The final speaker in this Future of Journalism 2017 session is Avshalom Ginosar, who suggests that we can no longer address online journalism as a unified social institution. We have moved here from an old institutionalism that addressed the formal, relatively stable structures of the journalistic field, to an old institutionalism that focusses on the formal as well as informal, complex and evolving processes of journalism.
Does this mean that there is now a new news ecosystem, as JD Lasica has put it? Are there new professional rules, norms, and beliefs, and is online journalism still the same social institution as the conventional news industry? If journalism has been seen as the fourth estate, then are online news media a new fifth estate, as Bill Dutton has suggested?
The journalism literature offers three possible answers.

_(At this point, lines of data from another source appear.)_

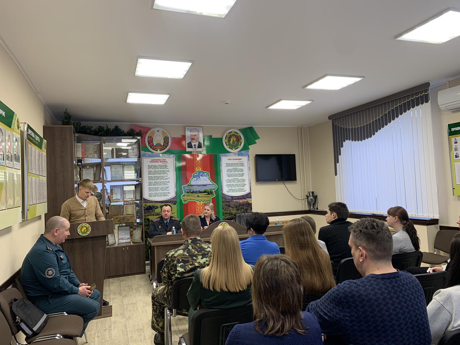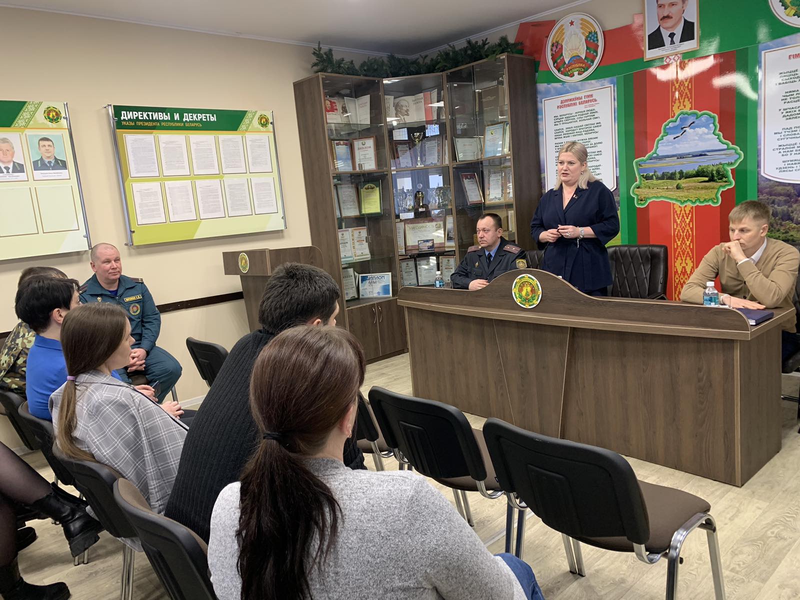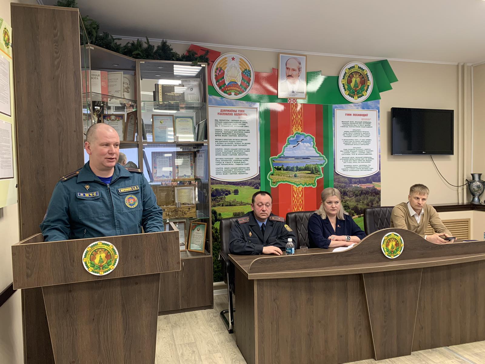О социально-экономическом развитии района, мерах профилактики и безопасности жизни и здоровья взрослых и детей прошла беседа трудового коллектива Рогачёвского лесхоза с компетентыми лицами: Екатерина Рождаева, заместитель председателя райисполкома, Илья Герман, начальник отдела экономики райисполкома, Евгений Шрамов, заместитель начальника Рогачевского РОЧС и Вадим Ясенецкий, старший инспектор ИДН Рогачевского РОВД, майор милиции.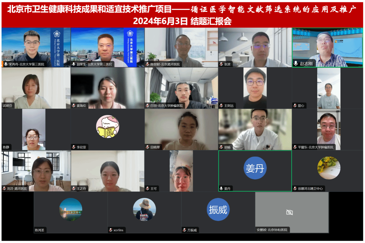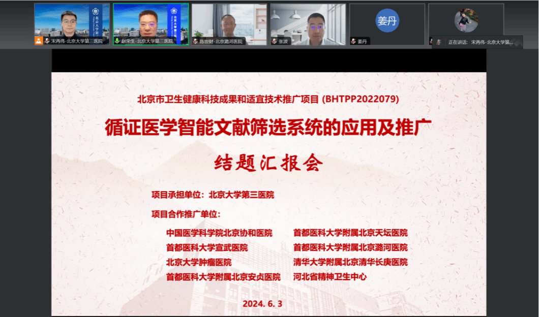 2024年6月3日,由我院药学部赵荣生教授团队牵头开展的北京市卫生健康科技成果和适宜技术推广项目“循证医学智能文献筛选系统(EBM AI-Reviewer)的应用及推广” (项目编号:BHTPP2022079)结题汇报会顺利召开。中国医学科学院北京协和医院、北京大学肿瘤医院、首都医科大学宣武医院、首都医科大学附属北京天坛医院、首都医科大学附属北京安贞医院、首都医科大学附属北京潞河医院、清华大学附属北京清华长庚医院、河北省精神卫生中心等8家合作推广单位的药学专家及药师参会。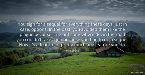 Hollywood used to treat sequels like a mild professional illness: something you caught only if you weren’t careful with contracts. Mark Strong is pointing at the moment that logic flipped, when “options” stopped being a wary compromise and became the default setting of studio filmmaking. The line lands because it’s delivered in the language of labor, not art. “You sign” is blunt, transactional; it frames creativity as a workflow managed by paperwork. The repetition of “feature” is a neat little sting, too: what counts as a “feature” of your career is now the obligation to reproduce the feature you just made.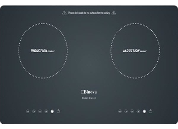 Bếp từ Binova BI-234-I được thiết kế để lắp âm hoặc lắp dương bàn bếp, gồm có hai vùng nấu từ sử dụng nguồn điện dân dụng điện áp 220V.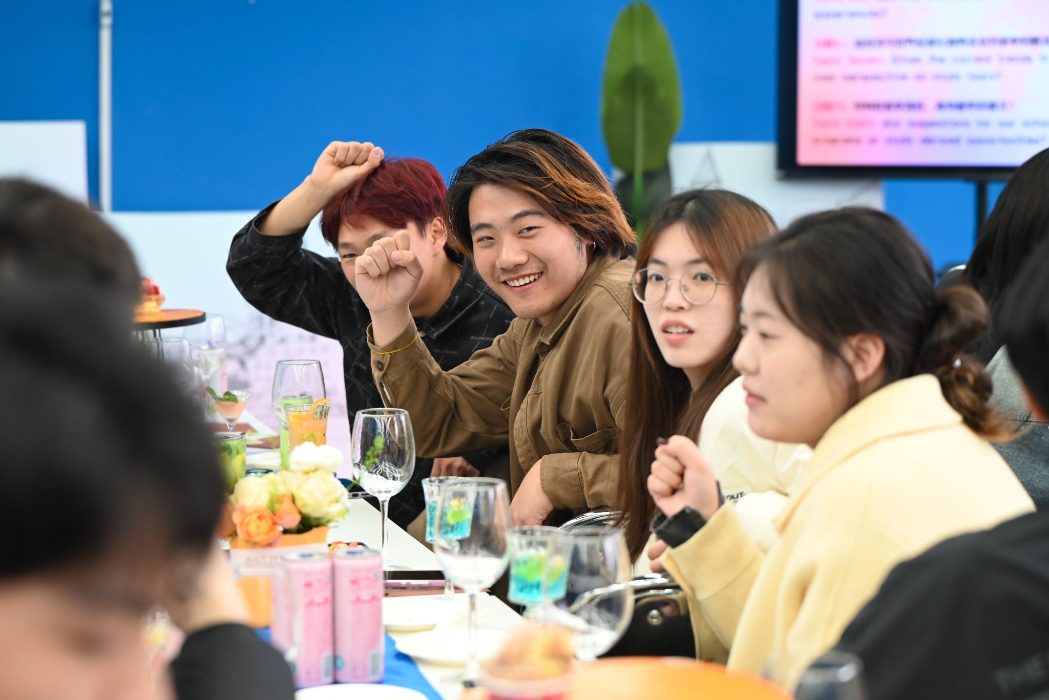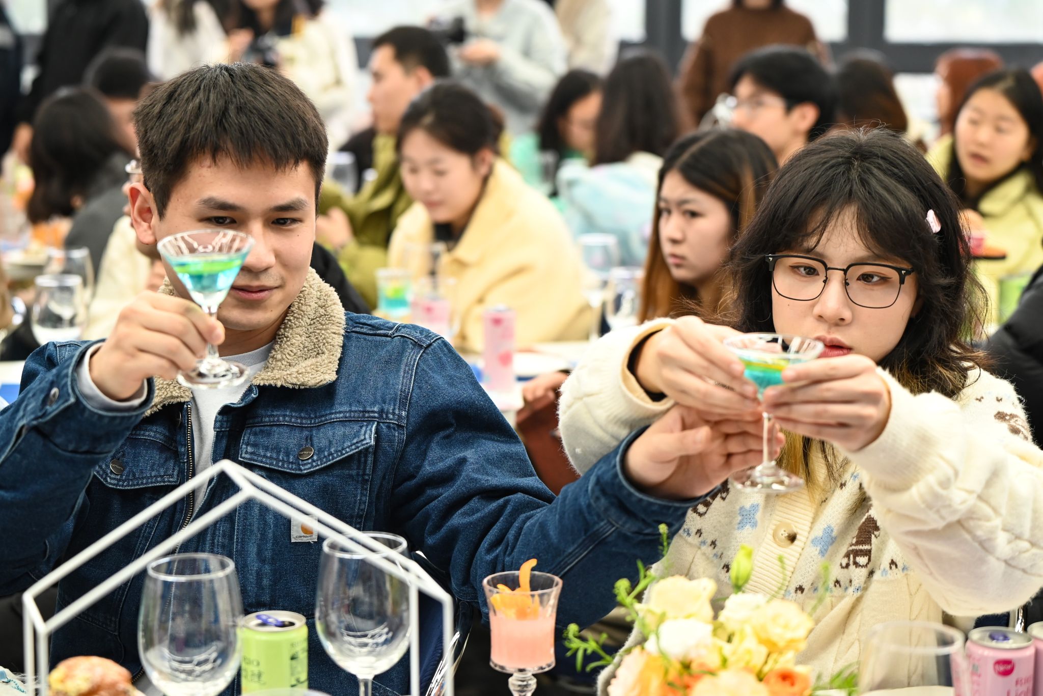 本期校长面对面专题活动以“探索国际化的N种可能”为主题,通过回顾往期海外游学项目经历,烘托七十余名师生的国际交流热潮。来自远景学院、远景书院的朱佳怡同学以她自己在德国留学的奇妙之旅为主题向在场师生分享了她的海外游学经验,感叹重庆移通学院暑期海外游学项目带给她的全新人生体验,并对即将出发前往德国的2025年暑期海外游学学子们献出美好祝福。统战部欧美同学会(留学人员联谊会)会长向觅老师从学校介绍、学习生活分享、课程讨论等方面全英文描绘自身留学香港的亲身感受,提高在场师生的国际交流氛围。来自德国工程学院的德语外教Julio Cesar Cervantes以诙谐幽默的外语开场,多维度呈现出德国的地理人文与科技发展,带给在场师生对德国的美好遐想。调酒师阳世海从鸡尾酒起源、调酒师职业介绍、酒类设计等,和师生共同品鉴西式酒类文化,并通过专业的调酒表演将现场国际化氛围拉到高潮。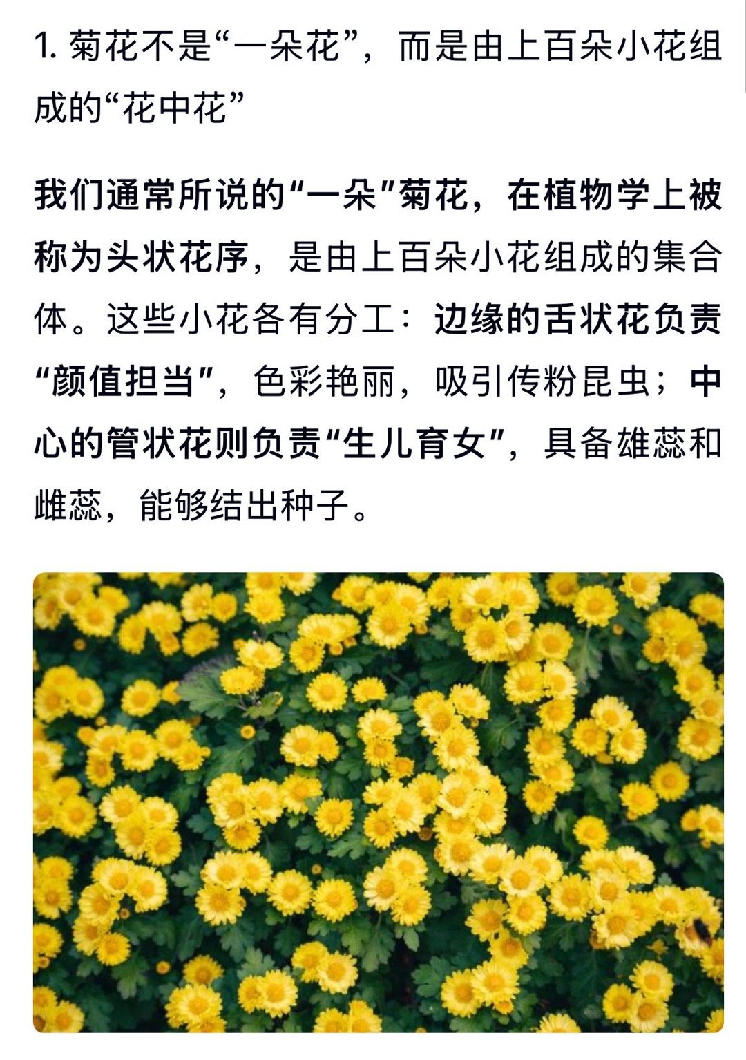 菊花每一片花瓣都是一朵小花以为一朵花其实是一大家子菊 谁懂啊!赏菊竟是围观“小花团战”~ 从边缘到花心全是独立个体,分工明确、默契十足,自然的协作美学太绝了~

First, perhaps traditional journalistic conventions are still just as relevant, and only the platform has changed while the institution remains the same. Second, perhaps some traditional conventions remain relevant, but others are replaced by new approaches, and the institution of journalism is being renewed. Third, perhaps new conventions are being established, and an entirely new institution is coming into being. So, which is it?
Online journalism offers a number of different faces, from mainstream news Websites to news blogging and beyond. Many news blogs adopt some or all of the traditional professional practices and norms of journalism, but many also change key aspects; perhaps we are therefore now dealing with a variety of possible journalisms, especially in the online context.
Not all such online journalism endeavours is dealing with current events; are regularly active; have institutional associations; have an editorial structure; have journalistic motivations and aims; have a business model; employ journalistic practices and ethical norms; use conventional formats; produce journalistic content; or offer levels of user participation that advance far beyond standard journalistic approaches. There is therefore a continuum of online journalisms from more to less conventional models.
What does this have to do with truth, then? Attitudes towards truth, objectivity, and related matters similarly differ across sites, and this also affects audience expectations. The more journalistic sites are also more likely to employ traditional mechanisms for fact-checking and truth-telling – and Avshalom is currently conducting a study of independent news sites in Hebrew to systematically explore the way that these sites address these questions. For them, truth is important – but as a means to an end, and not as an end in itself.
It is necessary, therefore, to recognise the variety of journalistic outlets in our research, and to fully may the continuum of news outlets that now exist. Our expectations of these sites, as users as well as scholars, must vary accordingly, too.